It’s a sad fact that over the last few years we have been steadily saying goodbye to a whole generation of church leaders who, having come to faith as young men and women, steered and shaped the evangelical church in the turbulent last decades of the twentieth century. The most recent of these figures is David Pytches. With his passing to glory, the church has lost a great man.
David was a remarkable man with a remarkable ministry. Born in 1931, he was ordained in 1955 and, after two curacies, in 1959 he and his wife Mary became missionaries in Chile. In South America he learned that God could be trusted, that ministry involved taking risks and – perhaps most significantly – that he could embrace the Spirit-filled Christian faith that he found in the Pentecostals about him and still be a ‘good Anglican’. In 1972 he was appointed Bishop of Chile, Bolivia and Peru, a grand title that disguised a demanding responsibility and ministry. David returned to the UK with his family in 1977, but although he left South America, it can be said that it never really left him. David retained the missionary vision and he was always aware that the breadth and richness of God’s church could not be contained within a particular strand of a denomination.
In thinking about David, I found myself compiling a long list of his many virtues. From these let me choose just four which I think were particularly striking.
First and undoubtedly foremost, David was a man of godly integrity. In all the many roles, projects and initiatives that David was involved in, his faith in God was at the heart of all he did. He was not simply someone who held to a correct theology and respected a particular church tradition; he was, rather, a man who sought God with all that he was. That longing to experience God better led him to turn St Andrew’s Chorleywood that became one of the most important centres for Spirit-filled Anglicanism in the UK; a place of enormous influence for many people including church leaders.
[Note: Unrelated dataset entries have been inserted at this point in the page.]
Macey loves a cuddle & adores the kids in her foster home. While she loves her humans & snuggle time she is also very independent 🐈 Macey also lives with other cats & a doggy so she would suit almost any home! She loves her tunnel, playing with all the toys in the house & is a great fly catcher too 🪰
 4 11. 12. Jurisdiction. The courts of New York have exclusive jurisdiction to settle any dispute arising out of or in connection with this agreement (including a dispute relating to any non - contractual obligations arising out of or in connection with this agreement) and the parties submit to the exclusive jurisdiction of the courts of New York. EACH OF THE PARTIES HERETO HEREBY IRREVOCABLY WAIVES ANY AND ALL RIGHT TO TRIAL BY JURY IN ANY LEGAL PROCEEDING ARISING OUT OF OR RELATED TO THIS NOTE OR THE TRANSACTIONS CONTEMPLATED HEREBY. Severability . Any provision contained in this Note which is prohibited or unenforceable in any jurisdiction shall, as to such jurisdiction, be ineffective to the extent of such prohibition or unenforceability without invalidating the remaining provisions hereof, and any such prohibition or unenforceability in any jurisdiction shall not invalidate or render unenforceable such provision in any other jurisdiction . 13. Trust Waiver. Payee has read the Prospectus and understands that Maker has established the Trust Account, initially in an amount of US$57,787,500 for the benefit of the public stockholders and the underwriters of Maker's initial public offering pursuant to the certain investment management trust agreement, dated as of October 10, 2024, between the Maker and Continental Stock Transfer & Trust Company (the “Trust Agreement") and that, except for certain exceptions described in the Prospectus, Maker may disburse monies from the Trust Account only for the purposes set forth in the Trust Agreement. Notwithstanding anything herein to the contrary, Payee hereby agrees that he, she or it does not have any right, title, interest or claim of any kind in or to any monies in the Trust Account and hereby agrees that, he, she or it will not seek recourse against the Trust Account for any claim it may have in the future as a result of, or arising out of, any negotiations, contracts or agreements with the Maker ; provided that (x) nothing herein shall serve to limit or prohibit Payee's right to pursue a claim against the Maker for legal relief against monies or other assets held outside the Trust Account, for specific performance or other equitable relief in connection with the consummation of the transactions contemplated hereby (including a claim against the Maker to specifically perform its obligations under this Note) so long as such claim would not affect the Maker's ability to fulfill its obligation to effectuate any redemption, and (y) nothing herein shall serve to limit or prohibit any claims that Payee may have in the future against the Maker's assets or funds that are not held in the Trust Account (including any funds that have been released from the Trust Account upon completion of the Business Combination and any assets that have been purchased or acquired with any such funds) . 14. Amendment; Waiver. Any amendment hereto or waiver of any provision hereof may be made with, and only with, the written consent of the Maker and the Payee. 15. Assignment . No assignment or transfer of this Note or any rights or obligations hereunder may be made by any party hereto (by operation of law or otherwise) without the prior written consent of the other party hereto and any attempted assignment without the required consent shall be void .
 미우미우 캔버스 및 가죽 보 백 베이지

Out of that deep integrity came a godly independence. Despite his role as bishop, David was never an establishment figure; indeed, sections of the ‘church establishment’ found him profoundly uncomfortable. We need to remember that half a century ago, the sort of open hunger that David had to see the renewing and transforming work of the Holy Spirit in operation was widely seen as, at best, a disturbing distraction and, at worst, a regrettable import from Pentecostalism. The fact that he was frequently frowned on never bothered David: he called his autobiography Living at the Edge and, whether in Chile or Chorleywood, the edge is where he saw himself. He took his bearings from God and his Word, and I wouldn’t be surprised if in another time and place he might not have joined ‘the noble army of martyrs’.
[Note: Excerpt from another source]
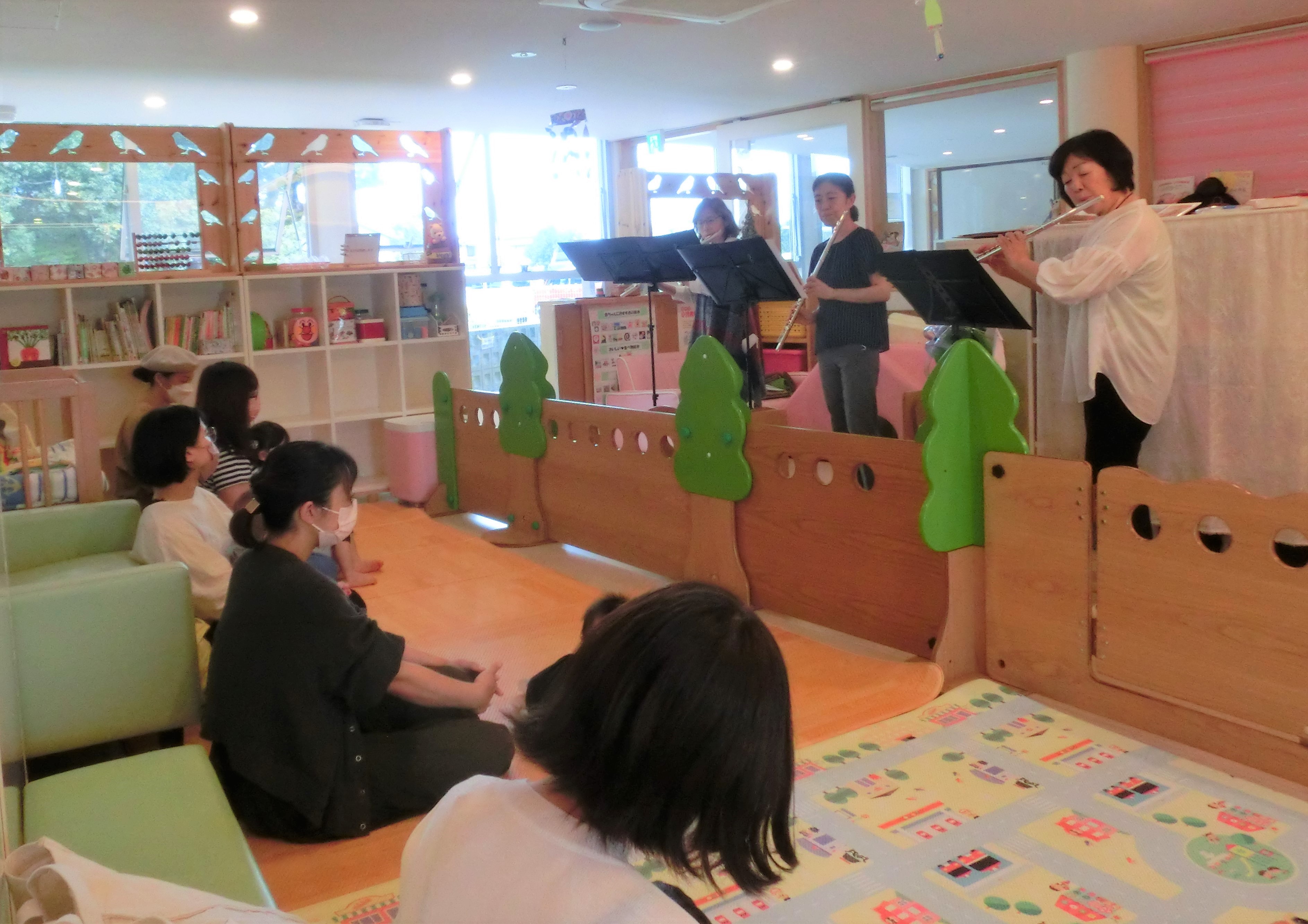 親子ふれあい遊び、絵本読み聞かせ、外遊び、バースデー、フルート演奏、赤ちゃんの日、はじめてさんの日、手作りの日、自由遊びなど

Another virtue that David had was a godly initiative. For a man who believed in waiting on God, David never stood still. He visited, he encouraged, he invited, he supported: he did things. In any discussion of the truly significant events in the British church in the 80s and 90s the name of David Pytches frequently occurs. He brought John Wimber over and in doing so helped bring charismatic Christianity from the fringe towards the mainstream. He helped set up New Wine, an event that has both bred and nurtured many Christian leaders. Many other people found encouragement and guidance in the way that St Andrews modelled how a charismatic fellowship can operate. Indeed, many of David’s emphases found their way into Holy Trinity Brompton and Alpha. David sowed good seed and it has born good fruit all over the world.
Ultimately, David was a God-given inspiration. He was a man who got alongside you; a man who cared for you, encouraged you and challenged you. He was a man who saw the possibilities, not the problems. To go to David with a difficulty almost inevitably resulted in you coming away with renewed hope and joy.
The ending of David’s earthly life is not simply a matter for regret; it’s one of challenge. This side of the Second Coming the church will always need people like him. We should pray for men and women who will serve God’s people in a similar way today.